Look-but-Fail-to-See
A phenomenon where individuals fail to notice a prominent stimulus in their field of vision.
Inattentional Blindness
Failing to notice a prominent stimulus even when it is in plain view.
Change Blindness
The failure to notice changes to a visual scene between different instances.
Priming
A process through which exposure to a stimulus influences a response to a subsequent stimulus.
Attentional Capture
When a salient stimulus breaks through controlled filtering, causing a swift orientation of attention.
Cocktail Party Effect
The ability to detect semantically relevant words from an unattended channel, demonstrating selective attention.
Spatial Attention
The ability to focus attention on a specific location in space, often likened to a spotlight.
Divided Attention
The capacity to attend to more than one task or stimulus simultaneously.
Executive Control
The cognitive process that oversees and regulates other cognitive functions, crucial for managing attention.
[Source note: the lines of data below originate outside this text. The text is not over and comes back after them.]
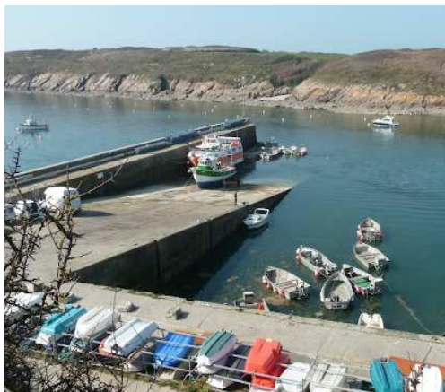
Cale et môle St-Christophe, Le Conquet.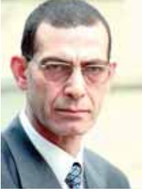
بقلم: د. وجدى زين الدين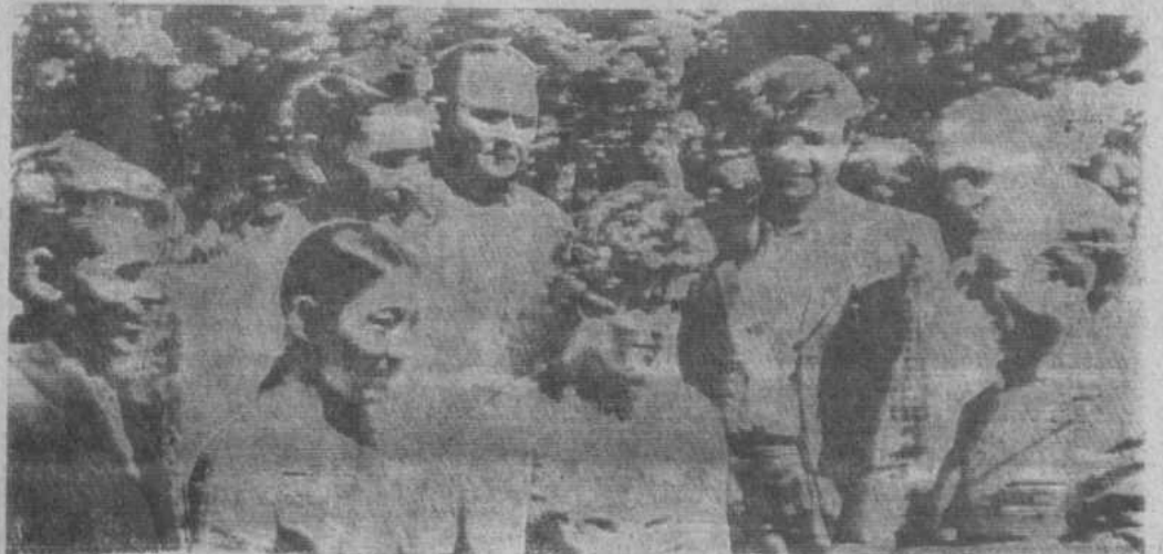
НА СНИМКЕ: группа участников собрания.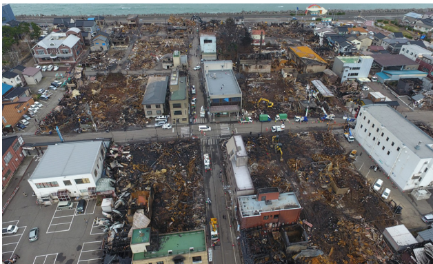
手前が南側、奥手の日本海が北側。平成28年12月22日の糸魚川市駅北大火直後の平成28年12月25日撮影。糸魚川駅北大火では約4ヘクタールを焼失。

地方都市の人口減少と空洞化は残念ながら現実である。そこが災害に見舞われた場合の復興は、この現実が加速することを踏まえて臨まねばならない。糸魚川市駅北地区はまずこの文脈において注目できる。歴史的蓄積のある街中が焼失した後のまちづくりは、意思決定の迅速化を最優先するため小規模単位で進め、空地の創出を恐れずむしろ積極的に市が確保した。そうしてできたランダムな公共空間をどう使うかの視点から、連鎖的なまちの営みをエンカレッジする仕組みと空間整備を並走させる。まずマスタープランと空間整備、次に活用というプロセスとは大きく異なり、現実を見据えたチャレンジである。その成果は核となるキターレから離散的にまちの随所に景観として実を結び始めている。見るべきははまだ整備中の街路景よりも、ここでこうしたいというやる気が見せる場の景である。災害復興に限らず、現代日本の都市景観形成のあり方に一石を投じた事例として特別に高く評価したい。（佐々木）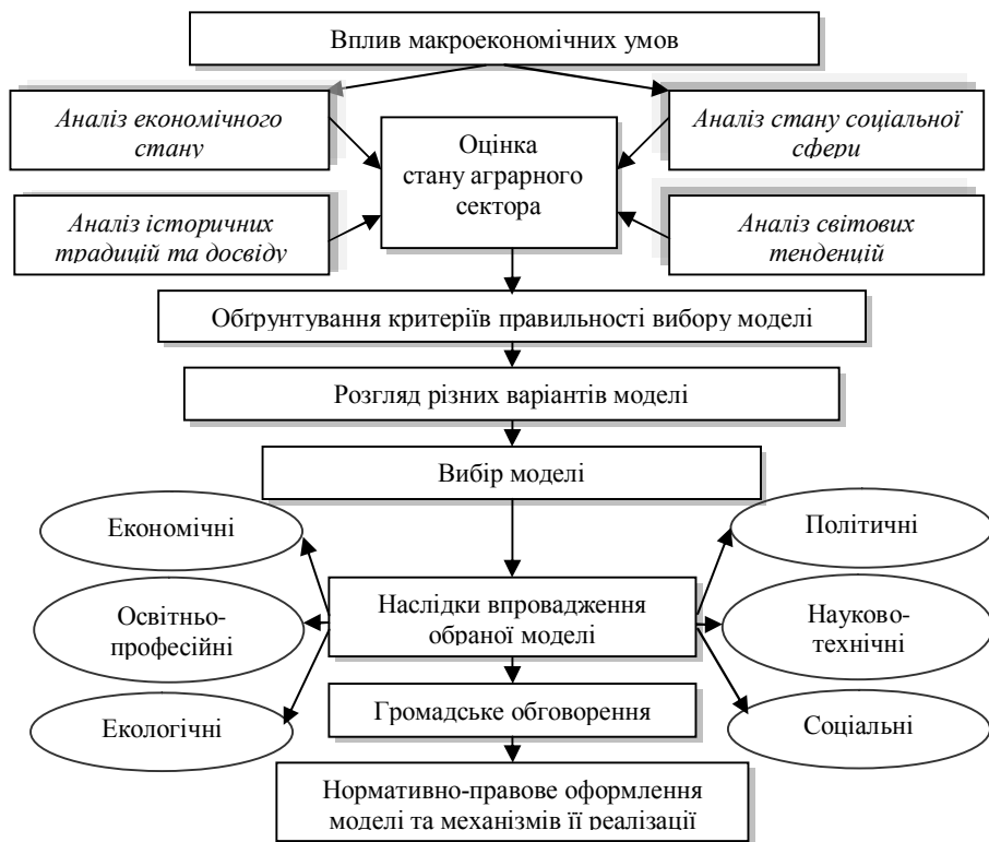
Рис. 2. Алгоритм формування моделі розвитку інтеграційних процесів в аграрному секторі економіки

досвіду інтеграції країн ЦСЄ. Дослідження окреслених проблем є важливою передумовою прискорення процесу інтеграції аграрного сектора в умовах європейського вибору.

Feature Integration Theory
A theory explaining how visual features are processed separately and then integrated for object recognition.
Attentional Filtering
The process of suppressing irrelevant information to focus on relevant information.
Bottom-Up Attention
Attention driven by external stimuli, typically automatic and involuntary.
Top-Down Attention
Attention driven by prior knowledge and expectations, requiring cognitive effort.
Ultra-Rare Item Effect
Phenomenon where rare items are often overlooked in a visual scene due to limited attentional resources.